Par ailleurs, quelle est votre position par rapport à la notion de « droit à la santé », qui fait partie de nos revendications ?

- Nous voici au coeur d'un problème extrêmement intéressant. Lorsque le système de Sécurité sociale que nous connaissons aujourd'hui a été mis en place sur une grande échelle, il existait une sorte de consensus plus ou moins explicite et en grande partie muet sur ce qu'on pouvait appeler les « besoins de santé ». C'était, en somme, le besoin de parer à des « accidents », c'est-à-dire à des écarts invalidants liés à la maladie comme à des handicaps congénitaux ou acquis.

A partir de là, deux processus se sont déroulés. D'un côté, une accélération technique de la médecine, qui a accru son pouvoir thérapeutique mais beaucoup plus vite encore sa capacité d'examen et d'analyse.
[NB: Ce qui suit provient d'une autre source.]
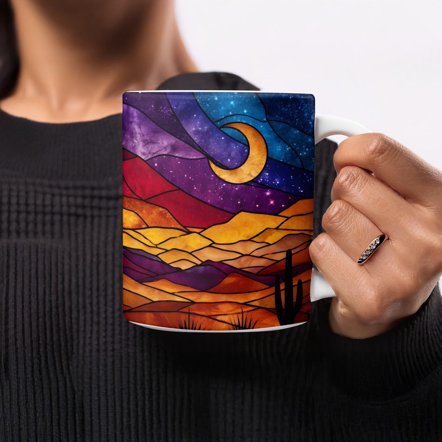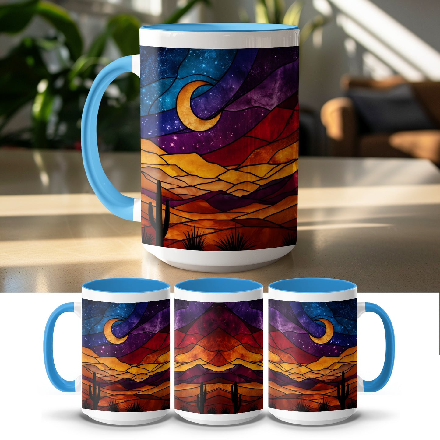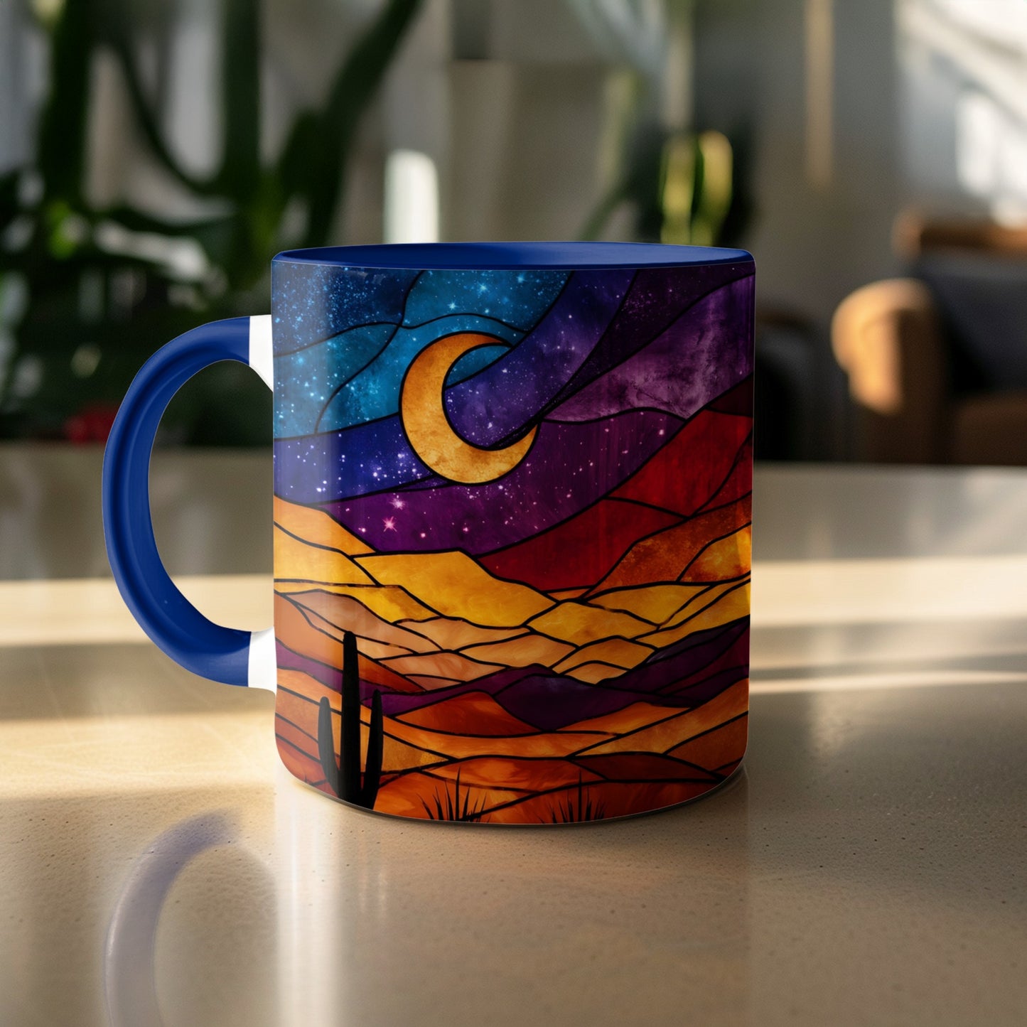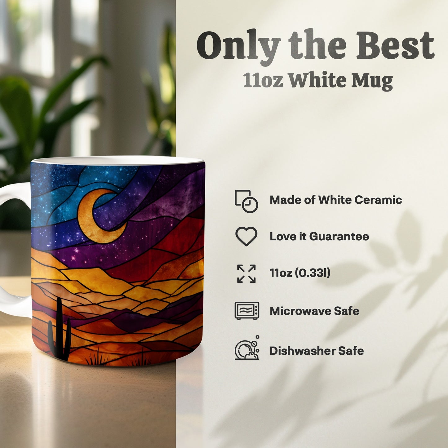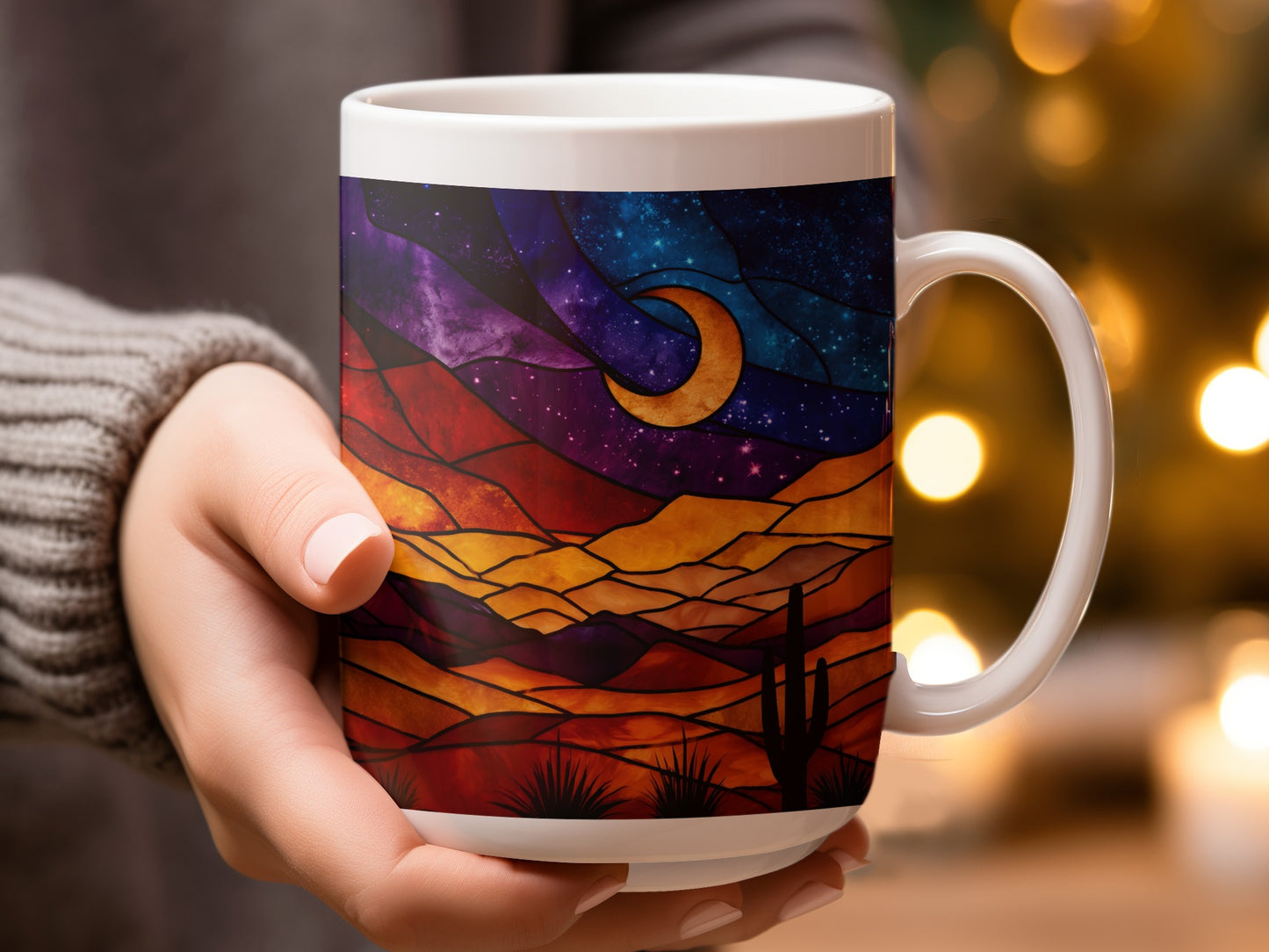 Enhance your creative projects with this unique desert landscape design featuring a vibrant color scheme of oranges reds and purples. Evokes tranquility under a starry night.

D'un autre côté, une croissance de la demande de santé manifestant le fait que le besoin de santé (tel, du moins, qu'il est éprouvé) n'a pas de principe de limitation.

En conséquence, il n'est pas possible de fixer objectivement un seuil théorique et pratique, valable pour tous, à partir duquel on pourrait dire que les besoins de santé sont entièrement et définitivement satisfaits.

La question du droit apparaît particulièrement épineuse dans ce contexte. Je voudrais faire quelques remarques simples.

Il est clair qu'il n'y a guère de sens à parler du « droit à la santé ». La santé - la bonne santé - ne peut relever d'un droit ; la bonne et la mauvaise santé, quels que soient les critères grossiers ou fins qu'on utilise, sont des faits : des états de choses et aussi des états de conscience. Et même si on corrige aussitôt en faisant remarquer que la frontière qui sépare la santé de la maladie est pour une part définie par la capacité des médecins de reconnaître une maladie, par le type d'existence ou d'activité du sujet, et par ce qui dans une culture est reconnu ou non comme maladie, cette relativité n'empêche pas qu'il n'y a pas de droit à être de ce côté-ci ou de ce côté-là de la ligne de partage.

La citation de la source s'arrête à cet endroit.